Due to slowing demand and bad economic forecasts, Apple’s shares have today been forced down to their lowest price since May 2007 at only $110. Morgan Stanley and RBC both downgraded their stock on the NASDAQ earlier today. (Monday 29th Sept.)

Being more specific about the reason for downgrading; firstly the Mac purchase intentions for desktops and laptops have suddenly moderated since August. Current and future growth trends in the PC market are related to those products with a price tag of less than $1000 – Which excludes all Apple products.

Basically greedy Steve Jobs (Jobsweh; the god of all things Apple.) has priced himself and his company out of the market in the face of an unexpected economic downturn: In the authors opinion it serves him right too: After all; a Mac is just a PC with an Apple logo on it and a high price tag.

…And the forecast isn’t good either for Apple; with the dodgy economy meaning less multiples for growth stocks – And that’s Apple included; so their drop in fortunes isn’t over yet by a long shot.

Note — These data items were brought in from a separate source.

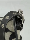 πππ VTG COACH D1026 F15171 BLACK GRAY Signature C LTR 2WAY Shoulder Crossbody. Preowned, Vintage Bag, in GREAT CONDITION. PLEASE SEE PICTURES. The VTG Coach D1026 F15171 Black & Gray Signature C Canvas with Leather trim and Shoulder/Crossbody Strap with adjustable Buckle Strap. 2WAY Shoulder & Crossbody bag is a large semi-circle shaped bag with a turn lock closure. The bag features a black leather shoulder strap and silver hardware accents, including grommet, buckle, and stud details. The exterior is a black and gray jacquard canvas fabric with leather trim, and the interior is lined with purple fabric. This vintage Coach handbag is designed for travel, weddings, parties, casual outings, formal events, work, and business, making it a versatile and stylish accessory for women. The bag also includes various pockets, an outside mobile phone pocket, inner large zipper pocket, 2 Slip Pockets, a center divider, and a stain-resistant, water-resistant finish. The image shows a Coach Signature Canvas Black and Gray Monogram Shoulder Bag. The bag is made with a signature coated canvas and leather trim. It features a turn-lock closure and a single shoulder/Crossbody strap. This specific bag has the model number D1026 F15171. The bag is a vintage design and is available pre-owned. ***PLEASE LOOK AT ALL OF OUR PICTURES FOR CONDITION, MATERIALS AND MEASUREMENTS. ***WE GUARANTEE THAT OUR ITEMS ARE AUTHENTIC OR WE GIVE YOU YOUR MONEY BACK. *** We combine shipping to save you money on multiple items. You pay the highest shipping on one item and the next three items are $1.50 shipping per item. The 5th item will start the cycle again. We hope this helps you. π Inventory #0066/525 THANK YOU FOR CONSIDERING OUR ITEMS AND PLEASE CHECK OUT OUR EBAY STORE - ebay.com/str/morinfashions ***Please add us to your list of βFavorite EBay Storesβ. Just click the Heart next to Morin Fashions so you can find us again! π We are not affiliated with or represent any other company than Morin Fashions. Thanks Again, HAVE A BLESSED DAY! πππ ebay.com/str/morinfashions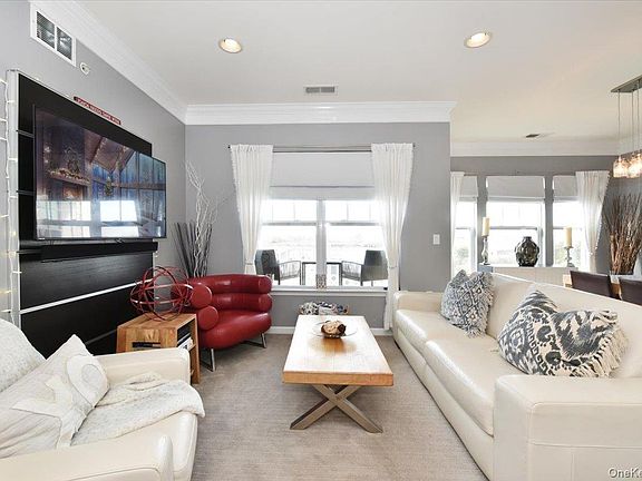 Welcome to 1145 Kirkland Court ! This diamond end unit is located on the 4th floor with a spacious/open floor plan. Beautifully updated 2-bedroom, 2-bath, eat-in kitchen, living room, formal dining w/access to terrace, laundry area in unit & 1.5 car garage complete this unit. This home features new HVAC (heating & cooling), crown molding, boxed wainscoting, two brand-new bathrooms finished with modern fixtures, sleek tile work, and a clean, contemporary design that blends comfort with style. The updated kitchen with water filtration system offers modern cabinetry, corian countertops, and stainless steel appliances—perfect for everyday living and entertaining alike. The primary en-suite offers a full bathroom and a wic, the second bedroom offers two closets. This home combines modern amenities with a prime central location, offering easy access to local shops, dining, and the unique charm Islip is known for. A perfect opportunity for a primary residence, second home, or investment property. Amenities include heated in-ground pool, tennis courts, pickleball court, club house & gym. Maintenance free living at its finest. Welcome home ! Pre-Approval Or Pof required by all.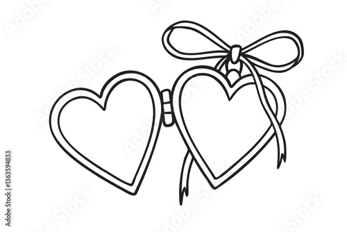 vector illustration of a heart, Outline drawing heart locket line clipart symbol, Vector art of two heart shaped locket with a bow

It may not be all doom and gloom though; as Apple is bringing out 2 ranges of new laptop within the following fortnight. If Jobsweh can control his overwhelming greed as the dollar-signs light up in his dark eyes and keep the price below $1000 then there might just be some hope on the horizon.

JobswehDevil

Jobsweh

So what do you think? Is Steve Jobs going to become a victim of his own greed? Suppose the new laptops have a price label greater than $1000; do you think that’ll put the final kiboshes on Apple?